PROBLEM DETAILS
Look through the listing below for the line containing "Our Relaxed Hair". Copy it and each line after it up to and including the line containing "Για OnePlus Nord", exactly, leaving out pictures.
*** Opening of DATA ***
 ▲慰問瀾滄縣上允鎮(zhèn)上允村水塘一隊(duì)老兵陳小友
*** Close of DATA ***
*** Opening of DATA ***
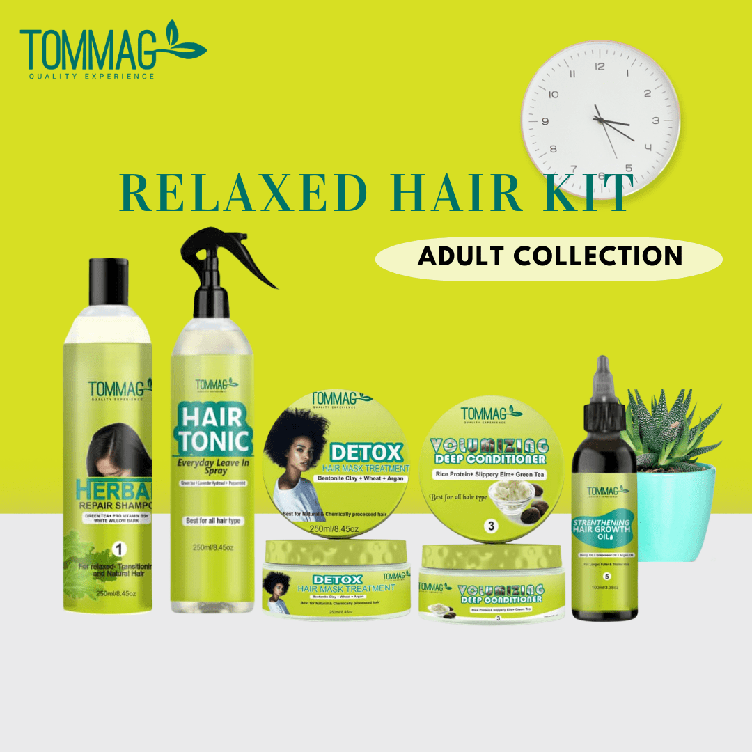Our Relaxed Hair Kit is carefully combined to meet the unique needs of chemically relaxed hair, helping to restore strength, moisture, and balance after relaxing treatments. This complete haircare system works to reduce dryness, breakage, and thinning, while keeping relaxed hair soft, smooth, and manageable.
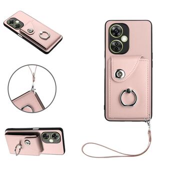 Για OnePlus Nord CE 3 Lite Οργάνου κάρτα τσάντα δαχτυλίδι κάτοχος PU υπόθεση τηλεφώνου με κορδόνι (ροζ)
*** Close of DATA ***
SOLUTION BELOW
Our Relaxed Hair Kit is carefully combined to meet the unique needs of chemically relaxed hair, helping to restore strength, moisture, and balance after relaxing treatments. This complete haircare system works to reduce dryness, breakage, and thinning, while keeping relaxed hair soft, smooth, and manageable.
 Για OnePlus Nord CE 3 Lite Οργάνου κάρτα τσάντα δαχτυλίδι κάτοχος PU υπόθεση τηλεφώνου με κορδόνι (ροζ)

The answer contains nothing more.